**Task to carry out:** In the entries below, find the line with "Part Number 0551381" and the line with "Lot 188 – Pair". Reproduce those two lines and every line between them exactly, and nothing more.

**Information shown:**
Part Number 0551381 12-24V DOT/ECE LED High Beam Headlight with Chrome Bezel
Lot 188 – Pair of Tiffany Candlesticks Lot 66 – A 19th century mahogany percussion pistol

* * *

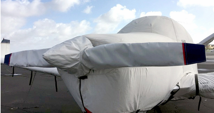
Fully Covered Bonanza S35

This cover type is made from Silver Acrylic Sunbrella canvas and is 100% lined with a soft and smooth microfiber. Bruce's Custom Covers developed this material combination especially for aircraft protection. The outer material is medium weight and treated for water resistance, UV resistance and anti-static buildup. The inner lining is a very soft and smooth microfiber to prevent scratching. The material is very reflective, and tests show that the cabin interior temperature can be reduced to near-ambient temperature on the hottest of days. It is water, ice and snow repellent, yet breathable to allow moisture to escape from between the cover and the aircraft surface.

**Solution to the exercise:**
Part Number 0551381 12-24V DOT/ECE LED High Beam Headlight with Chrome Bezel
Lot 188 – Pair of Tiffany Candlesticks Lot 66 – A 19th century mahogany percussion pistol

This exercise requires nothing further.